What's fair is based on you costs + making a profit.  There are lots of things to consider.   Once you start making money there are a lot of other entities that are involved.  You need a business plan.  Professional photography is only about 10% shooting and 90% business.  

You may need a business license, depends on the laws in your area.  You will need to set up an LLC at a minimum.  You will need insurance, on your gear as well as liability insurance.  You will need to pay taxes, sales taxes, state and local income taxes.   Don't forget FICA if you make more than $400 a year.  

What is your time worth?  What is the annual depreciation on your gear?  What other business expenses do you have?  Electricity, heating, gear you may need etc.

Once you know the costs of all of those things, how much profit do you need to make to stay in business.  Finally what is the basic going rate for photographers in your area and can you compete with that rate and stay in business.  

We could tell you to charge a dollar or ten thousand dollars but that won't serve a purpose for it would be based on a S.W.A.G.   The PPA would be a good resource to start with.


----------



## Designer (May 11, 2017)

TGardner1378 said:


> They would like me to take photos of their products and teach them how to use their new digital camera. I've never done any kind of photo shoot before.


The potential customer doesn't know what is involved, and apparently you don't either.  I think you're a long way from setting a price.

The subject has been discussed at length here in a number of threads.  You could search the forums for more information.

Additionally, if it is going to take someone potentially years to learn, teaching someone might take more time and effort than either of you can guess. 

I see product photography as a distinct type that involves experience, equipment, and artistry.  This is not something you can get good at trying it one time.  You will need staging, lights, and depending on the product, possibly another lens.  You can start with the customer's suggestions, but if you wish to make this a profession, you'll have to make the photographs into an art form.  This is what will make whatever you decide to charge worth it to the customer.


----------



## TGardner1378 (May 11, 2017)

Professional status is a ways off. It's a dream to work towards that may take years. They have all the lights, etc. Product photography is not necessarily the direct path I was planning on taking, but its worth trying. I really enjoy landscape, macro, nature, and architecture.  I appreciate all the input so far. Thank you.


----------



## table1349 (May 11, 2017)

TGardner1378 said:


> Professional status is a ways off. It's a dream to work towards that may take years. They have all the lights, etc. Product photography is not necessarily the direct path I was planning on taking, but its worth trying. I really enjoy landscape, macro, nature, and architecture.  I appreciate all the input so far. Thank you.

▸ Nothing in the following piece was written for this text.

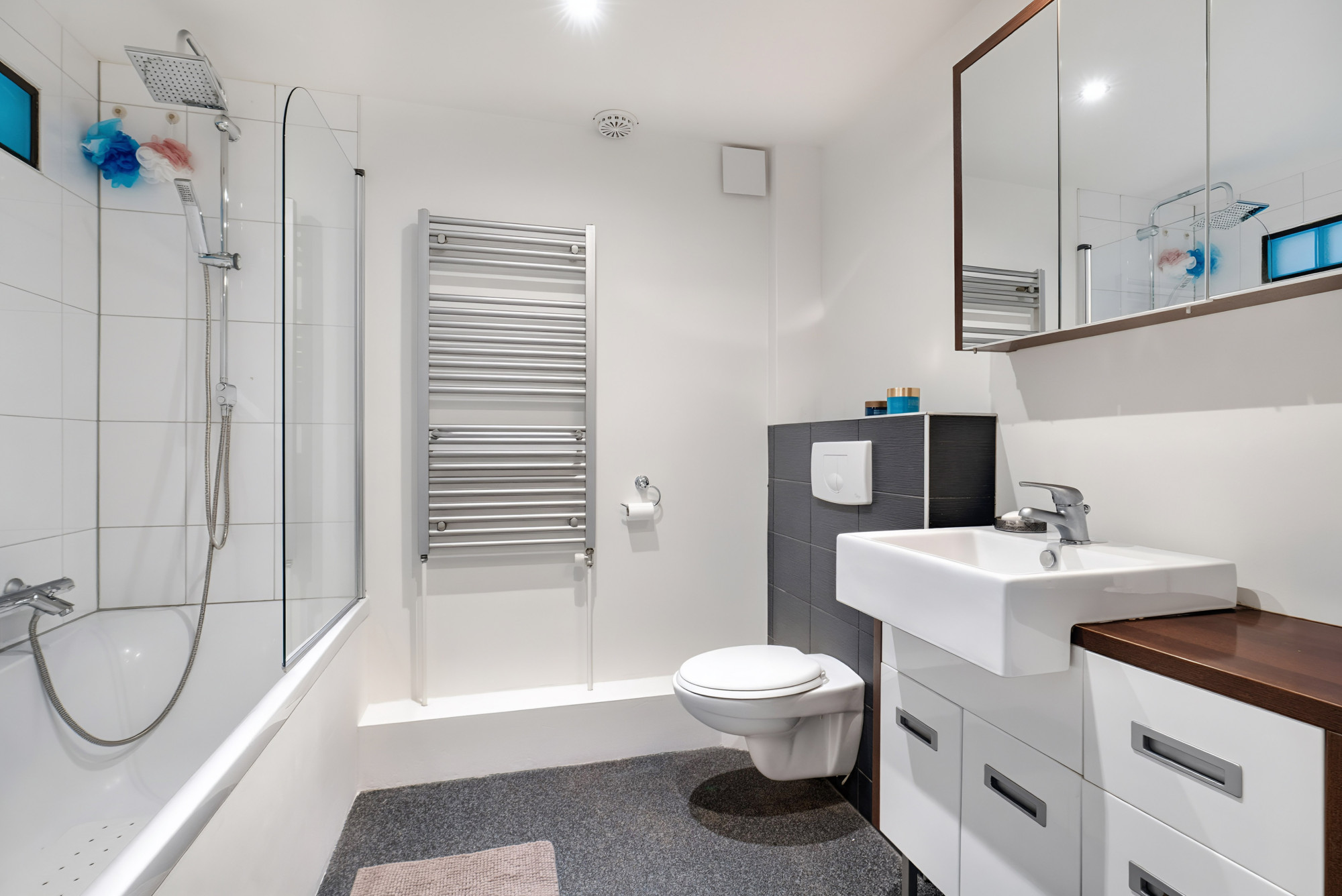 De badkamer is uitgerust met een grindvloer, een ligbad met douche en glazen wand, zwevend toilet, wastafel met meubel en een designradiator. Een fijne plek om heerlijk te ontspannen!

"Professional status" is a couple of words that mean nothing.  If you make money from your photography no matter what "level" you call yourself the game changes dramatically.   You need to know the game going in, not in the middle of the game.   Owning a restaurant and owning a photography business are very much the same.  You may be the greatest chef there is, but if you don't cover your bases, know you food costs, other expenses etc. you are not in the restaurant business long because you either loose money, or fail to do the things you are required to and end up in court for failure to pay taxes, have licensing issues or someone decides they don't like your product and sues you.


----------



## Dave442 (May 11, 2017)

It sounds like this client is interested in learning from someone (you in this case) how to take pictures of their products. 

It could well be that they searched and bought equipment recommended for product photography. Along with the lights they should have a seamless background or maybe just a simple lightbox.  They could be running into any number of problems and so they have the their expensive photographic equipment sitting around while the get by with cell phone photos of their product.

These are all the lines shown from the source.